Watch#5: Enjoying a Free Lunch and Boosting the Math Capabilities of Small LLMs

Watch#5: Enjoying a Free Lunch and Boosting the Math Capabilities of Small LLMs


In this issue:

  1. An (almost) free lunch
  2. Small LLMs doing big Math
  3. 1-bit is all you need for Token Representations


1. Efficient Streaming Language Models with Attention Sinks

Watching: StreamingLLM (paper/code/bonus: implementation)

What problem does it solve? There will always be a trade-off between efficiency and raw performance. But even if we accept this as given, there’s still a lot to optimize. Therefore, researchers are constantly trying to minimize the performance losses that come with more efficient model training, decoding and inference.

How does it solve the problem? Previous Attention algorithms were suffering from two problems: poor efficiency and harsh performance cut offs, e.g., on long texts. StreamingLLM solves this with the help of what they call “attention sinks”. These special tokens may seem pretty useless at first as they carry no semantic significance. But the researchers found that autoregressive language models with Window Attention are often giving unreasonably high attention to the initial tokens. They see the Softmax operation as the potential cause of this phenomenon, as it requires the probabilities to sum up to one - even when tokens do not match a query very well. The model then gets biased towards the initial tokens because (almost) all the subsequent tokens are dependant on them. To make this as understandable as possible, you can think of attention sinks as tokens that help the model to maintain focus without losing attention. The paper’s results are showing that even with just a single attention sink token, a “normal” LLM can be turned into a streaming LLM while preserving performance.

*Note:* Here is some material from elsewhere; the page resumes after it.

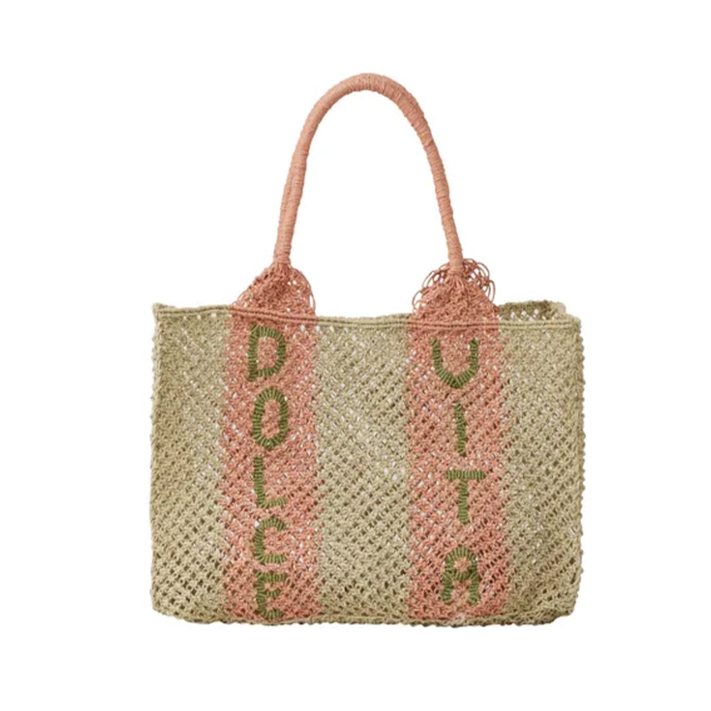 The Dolce Vita Jute Tote Bag is such a fashionable accessory in soft pink and green, you’ll want to take it everywhere you go. In sustainable jute and embroidered with the phrase Dolce Vita (Sweet Life), it redefines arm candy.

What’s next? Evaluation. Evaluation. Evaluation. The method seems almost too good to be true and the researchers haven’t pushed the limits yet in terms of input length and model sizes. But so far, things are looking good and attention sinks might become a new standard for LLMs.


2. ToRA: A Tool-Integrated Reasoning Agent for Mathematical Problem Solving

Watching: ToRA (paper/code)

What problem does it solve? Math capabilities and advanced reasoning skills have mostly been reserved for either huge closed source models like GPT4 or models finetuned on specialized datasets. General LLMs that run on consumer-grade hardware have made huge steps in terms of question answering and chatting. But not so much in the aforementioned areas.

How does it solve the problem? The two prominent approaches to equipping LLMs with Math and reasoning skills can roughly be divided into “rationale”- and “program”-based methods. Rationale-based methods are trying to elicit logical structures through prompting, e.g., Chain-of Thoughts and Tree-of-Thoughts. Program-based methods, on the other hand, are about making LLMs use code to utilize or create tools that handle these operations for them, e.g., using a calculator or coding a function to deal with logic problems. Tool-integrated Reasoning Agent (ToRA) is a framework that combines both approaches and merges them into a single workflow. ToRA starts with reasoning about the query and how to solve it with code. Then it creates a tool to execute its reasoning and finally, it reasons again about the tool’s output. This can include fixes to the output format, such as removing duplicates or checking if a requested requirement was met (e.g., JSON).

What’s next? Theres no end in sight when it comes to prompting techniques and tool usage improvements. While combining both seems like a logical step, we’ll most likely continue to see isolated advancements on both fronts.


3. BTR: Binary Token Representations for Efficient Retrieval Augmented Language Models

Watching: Binary Token Representations (paper/code)

What problem does it solve? Companies are always looking to cut costs and as LLM applications are slowly finding their way into production, requirements are increasing with scale. There’s a lot of redundant computation taking place when querying LLMs - especially Chat models - and while the storage space of vector embeddings probably seems like a non-issue to most practitioners, things can look very differently if the scale is large enough. Last but not least, inference speed requirements can be tough to meet without paying a lot of extra dollars.

How does it solve the problem? Binary Token Representations (BTR) use 1-bit vectors to precompte every token in a document with the goal to reduce computation at inference time significantly. The researchers also published a calibration technique that they used for the binary representations to ensure that performance is maintained. This lead to ~95% performance at 2-3x inference speed in their tests.

What’s next? Binarization and Quantization have become trending topics over the last months and new methods are evolving constantly. We’ve seen massive efficiency improvements in very little time and at the beginning of this year, few would’ve thought that we could fit 7B or even 13B LLMs into a free-tier Google Colab GPU. It’s hard to tell how far we will be able to continue down this path from here on, but at least for quantization, it seems to me that we’ll be reaching a local optimum soon. Recent papers have shown 2-bit quantization to work somewhat well and 4-bit quantization has already become a standard procedure for people in the “GPU-poor” LLM space.